Esta conclusión puede ser chocante para mucha gente que considera al ser humano como racional, pero esta contrastada empíricamente hasta la saciedad. Por tanto, la persona que realmente quiera ser racional tiene que empezar por aceptar que la mayor parte de lo que cree o hace tiene una causa emocional y no racional. Así de duro y así de cierto. La actuación verdaderamente racional tiene en muchos casos un coste prohibitivo que no se justifica, aunque en algunas ocasiones sí puede compensar.

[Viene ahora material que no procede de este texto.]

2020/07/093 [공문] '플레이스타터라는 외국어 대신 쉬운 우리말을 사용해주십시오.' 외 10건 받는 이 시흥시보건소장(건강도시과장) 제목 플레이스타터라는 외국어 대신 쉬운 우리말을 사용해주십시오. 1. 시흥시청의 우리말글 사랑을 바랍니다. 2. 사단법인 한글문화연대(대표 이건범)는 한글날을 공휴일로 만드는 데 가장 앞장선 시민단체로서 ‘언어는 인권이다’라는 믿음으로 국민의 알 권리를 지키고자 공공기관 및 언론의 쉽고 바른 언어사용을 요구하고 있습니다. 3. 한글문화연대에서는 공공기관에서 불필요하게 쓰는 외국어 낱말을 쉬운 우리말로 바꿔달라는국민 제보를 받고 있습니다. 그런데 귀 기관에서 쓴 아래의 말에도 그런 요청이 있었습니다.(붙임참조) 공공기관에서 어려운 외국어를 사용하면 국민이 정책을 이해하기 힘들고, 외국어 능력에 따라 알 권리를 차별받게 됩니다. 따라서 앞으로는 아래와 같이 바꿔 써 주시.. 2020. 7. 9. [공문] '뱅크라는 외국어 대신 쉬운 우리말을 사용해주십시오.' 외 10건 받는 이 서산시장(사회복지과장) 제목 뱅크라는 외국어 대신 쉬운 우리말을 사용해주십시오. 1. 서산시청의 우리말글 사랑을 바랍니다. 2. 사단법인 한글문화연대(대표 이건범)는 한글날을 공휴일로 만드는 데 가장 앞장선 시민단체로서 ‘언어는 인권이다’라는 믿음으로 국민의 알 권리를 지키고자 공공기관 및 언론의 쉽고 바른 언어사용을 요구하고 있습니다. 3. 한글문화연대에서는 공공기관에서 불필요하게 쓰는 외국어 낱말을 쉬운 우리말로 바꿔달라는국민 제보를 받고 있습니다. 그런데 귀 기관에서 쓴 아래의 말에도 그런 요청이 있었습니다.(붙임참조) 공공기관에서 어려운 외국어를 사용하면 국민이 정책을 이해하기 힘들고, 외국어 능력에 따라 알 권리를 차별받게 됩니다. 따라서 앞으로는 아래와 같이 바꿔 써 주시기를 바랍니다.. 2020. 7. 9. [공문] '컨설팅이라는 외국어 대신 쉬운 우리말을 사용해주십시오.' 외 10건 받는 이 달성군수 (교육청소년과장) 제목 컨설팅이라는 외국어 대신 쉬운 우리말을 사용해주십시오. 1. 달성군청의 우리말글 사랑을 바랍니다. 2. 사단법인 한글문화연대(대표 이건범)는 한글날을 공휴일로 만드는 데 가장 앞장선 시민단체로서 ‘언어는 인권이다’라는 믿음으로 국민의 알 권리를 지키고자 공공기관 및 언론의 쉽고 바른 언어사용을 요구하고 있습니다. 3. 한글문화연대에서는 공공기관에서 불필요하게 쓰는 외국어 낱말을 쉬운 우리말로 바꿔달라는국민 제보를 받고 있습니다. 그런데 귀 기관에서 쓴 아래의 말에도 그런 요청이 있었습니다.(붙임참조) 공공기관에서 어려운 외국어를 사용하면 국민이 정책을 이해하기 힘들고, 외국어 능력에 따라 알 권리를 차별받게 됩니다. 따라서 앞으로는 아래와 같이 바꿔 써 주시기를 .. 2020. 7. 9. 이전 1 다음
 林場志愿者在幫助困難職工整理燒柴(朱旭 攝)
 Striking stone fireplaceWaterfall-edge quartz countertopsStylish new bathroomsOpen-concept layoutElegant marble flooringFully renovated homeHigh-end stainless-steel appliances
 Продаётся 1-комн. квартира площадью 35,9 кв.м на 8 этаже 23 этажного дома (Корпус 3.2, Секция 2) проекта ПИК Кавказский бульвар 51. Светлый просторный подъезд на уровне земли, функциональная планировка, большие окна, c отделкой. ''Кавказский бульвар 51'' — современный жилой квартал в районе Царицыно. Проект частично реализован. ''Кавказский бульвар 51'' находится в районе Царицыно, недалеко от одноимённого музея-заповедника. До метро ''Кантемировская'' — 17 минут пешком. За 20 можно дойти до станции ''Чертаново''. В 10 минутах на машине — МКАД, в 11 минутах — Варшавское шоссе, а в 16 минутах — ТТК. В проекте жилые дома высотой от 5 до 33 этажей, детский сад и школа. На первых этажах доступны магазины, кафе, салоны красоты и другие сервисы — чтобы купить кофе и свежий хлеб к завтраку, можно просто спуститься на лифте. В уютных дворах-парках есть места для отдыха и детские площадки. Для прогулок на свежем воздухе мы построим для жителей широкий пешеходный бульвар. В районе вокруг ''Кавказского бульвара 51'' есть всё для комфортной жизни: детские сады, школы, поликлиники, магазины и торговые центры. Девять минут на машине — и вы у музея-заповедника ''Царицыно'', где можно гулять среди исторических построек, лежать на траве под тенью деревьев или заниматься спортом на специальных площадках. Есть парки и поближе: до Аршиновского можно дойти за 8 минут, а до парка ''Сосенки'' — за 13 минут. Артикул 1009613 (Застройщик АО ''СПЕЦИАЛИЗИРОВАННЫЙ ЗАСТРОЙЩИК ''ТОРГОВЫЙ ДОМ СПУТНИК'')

Así pues, dominar estos circuitos morales que nos vienen de fábrica para tratar de hacer que la democracia funcione, tiene un enorme coste psicológico, que muchas personas no quieren o pueden asumir. Estos mecanismos, además, no van a desaparecer: el ser humano los ha adquirido evolutivamente y solo de esa forma podrían desaparecer.

La solución en otros ámbitos ha pasado por buscar mecanismos externos al ser humano que sirvan como piedra de toque para asegurar que no nos estamos dejando llevar por la emoción y sí por la razón. Un ejemplo paradigmático es el método científico; otros lo constituyen los usos y las costumbres.

En coherencia, Pablo Malo propone algo similar: que diseñemos las instituciones de gobierno para que no aparezcan los “monstruos morales” que habitan en nuestro cerebro. Por supuesto que sí. La cuestión es si la democracia es una institución que los atenúa o, por el contrario, los hace crecer. Esa es la pregunta básica a la que hay que responder, porque la moralidad está aquí para quedarse, por muy peligrosa que sea.